<第102回箱根駅伝>◇2日◇往路◇東京-箱根(5区間107・5キロ)山登り5区のテレビ中継1号車で生解説した渡辺康幸氏…
<第102回箱根駅伝>◇2日◇往路◇東京-箱根(5区間107・5キロ)
山登り5区のテレビ中継1号車で生解説した渡辺康幸氏(52=住友電工監督)が、青山学院大(青学大)の黒田朝日(4年)に「おばけ記録」と絶句した。自身が早稲田大(早大)を率いた2008年(平20)以来18年ぶりの往路優勝が見え「夢を見ましたよ、見てしまいましたよ。テンション上がりました」と母校愛を隠せなかったが、終盤に暗転、あの忘れたい記憶を呼び起こされてしまった。
「本当に異次元。乗り物に乗っていないか錯覚しましたよ」という黒田の走りに「山の名探偵」こと工藤慎作(3年)が大まくりされた。「勝ったと思いました、確信しました、宮ノ下(9・3キロ地点)までは…」という高揚感が吹き飛ばされ、苦々しい16年前が脳裏をよぎった。
「自分も、何分もの差をひっくり返された経験がありますから…」。09年。当時の早大は最初からトップで往路最終の5区を迎えたが、東洋大の柏原竜二に「4分58秒」もの大リードを逆転された。この時も監督は渡辺氏だった。

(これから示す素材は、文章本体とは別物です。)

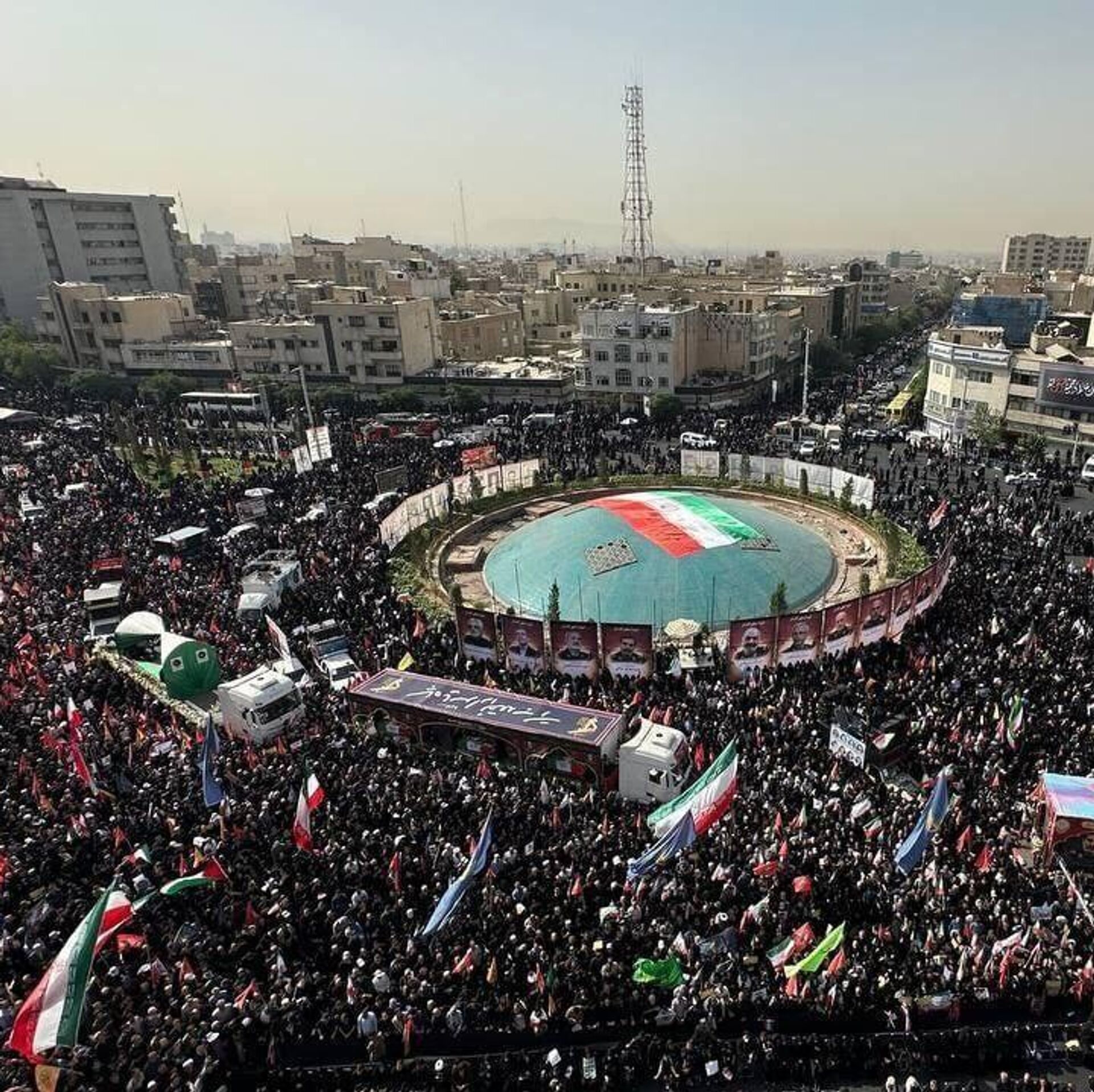 تصاویر هوایی از میدان انقلاب،حضور پرشور مردم تهران را در مراسم تشییع قربانیان حملات اسراییل نشان می دهد.
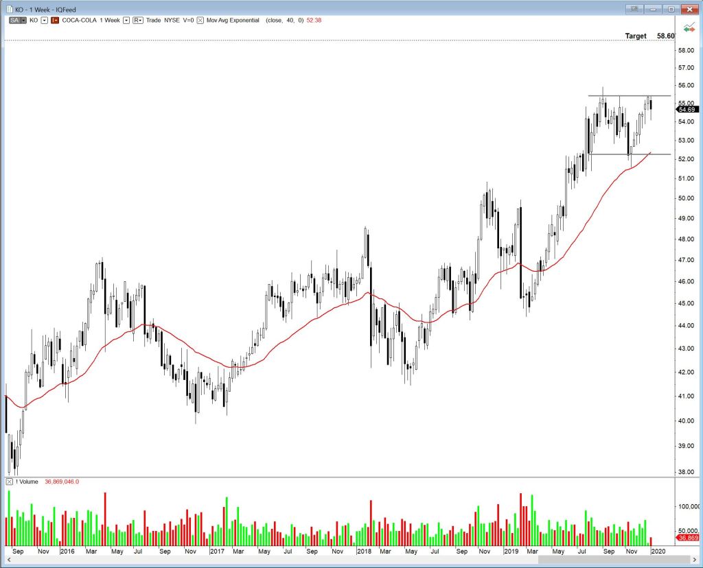 Coca-Cola (KO) is trading within a 5 month rectangle. A breakout could carry it to a possible target of 58.60. One thing to keep in mind – if there is a correction, we could see some rotation from growth to value.
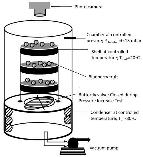 All experiments were carried out in a Martin Christ freeze-dryer, model Alpha 2-4 LSCplus (Martin Christ Gefriertrocknungsanlagen, Osterode, Germany), which can operate at a total vacuum pressure of up to 0.001 mbar, provided with an MKS Baratron 622 capacitance manometer (MKS Instruments) and a condenser that can operate at temperatures down to −85 °C (see Figure 2). It has three shelves of 0.021 m2 each that can be temperature controlled with a wireless temperature monitoring system, which, in turn, allows for sample temperature monitoring through pt100 port sensors. The samples or blueberries were placed onto the three shelves, considering a total load of 60 units. In order to assess the product temperature, one blueberry fruit per shelf was inserted with a miniature pt100 sensor (PT 100 Mini-Epsilon LSC Plus, Martin Chris, ostero de am Harz, Germany). A standard freeze-drying processing condition was fixed at 0.13 mbar (13 Pa) with a condenser temperature of −85 °C and a shelf temperature of 20 °C, while the air temperature was also 20 °C. The freeze-drier system includes dedicated software (SCADA Software V1 LPC plus Martin Chris, ostero de am Harz, Germany) to set, control, and monitor the freeze-drying process at the selected processing condition. It samples data every 5 s. A butterfly valve with an approximate closing time of 0.5 s, mounted in the cylindrical duct connecting the freeze-drying chamber and the condenser chamber, can be managed by the software to perform Pressure Increase Tests (PIT) (Figure 2). The SCADA Software LPC plus software allows graphic visualization and recording of several process variables: tray temperature, blueberry temperature, condenser temperature, chamber absolute pressure (capacitive sensor), and PIT data.
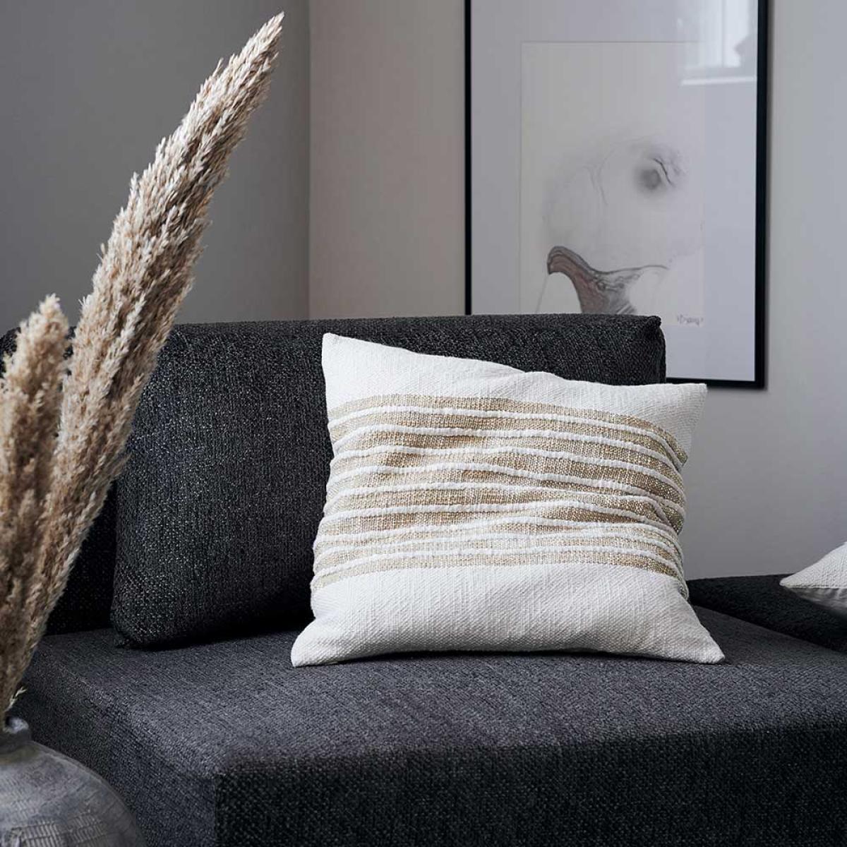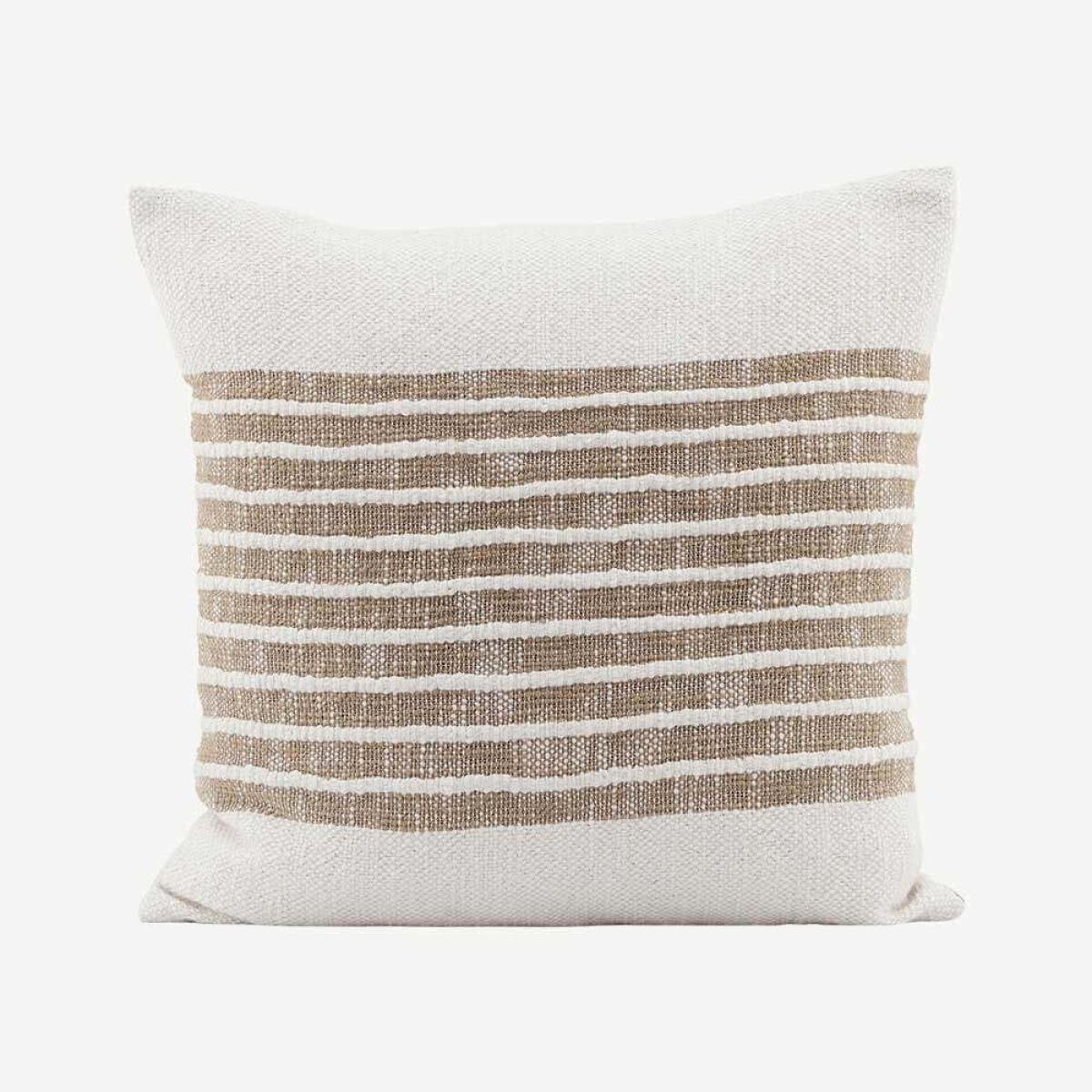 Transform your home with this thick yarn cushion cover that adds a comfortable texture to this cotton cushion cover. The light brown, caramel, striped pattern makes this cushion cover a neutral, and staple addition to your living areas. This is an embellishing addition to your home due to it’s simple, yet stylish pattern.
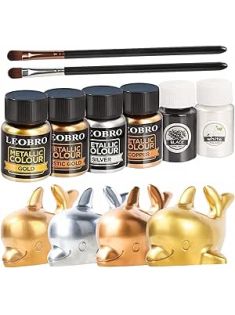 LEOBRO Metallic Mica Powder for Resin, Epoxy Resin Color Pigment, Pigment Powder Dye, for Coloring, Polymer Clay, Paint, Crafts, with Paint Brushes, 6 Colors
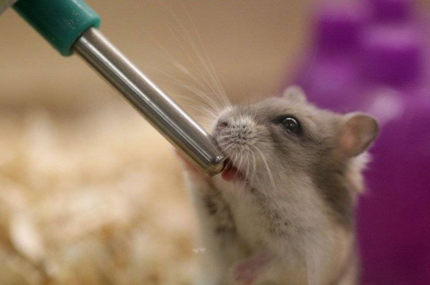 Если питомец не проявил интереса к поилке, что бывает очень редко, необходимо взять его в руки, осторожно поднести к трубке, подающей воду. Как только зверёк заметит каплю жидкости, то сразу поймёт для чего нужен новый предмет в клетке

「よみがえりました、あのトラウマが。うわ、またあの衝撃か…と。またトラウマになるぐらい目に焼きついてしまいました。(同じく早大OBで解説の)瀬古さんも急に、しゃべらなくなってしまって…(笑い)」
ただ、こればかりは黒田と青学大を称賛するほかない。「いつものようにラスト1週間で状態が本来の調子に上がってこなかった、と工藤君本人は話していましたし、確かに絶好調の走りではなかったですけど、それでも大会(区間)新ペースだったので。それを上回られましたから」。会見を終えた原晋監督に出くわした瞬間も「あっぱれでした」と率直に賛辞を贈り、たたえていた。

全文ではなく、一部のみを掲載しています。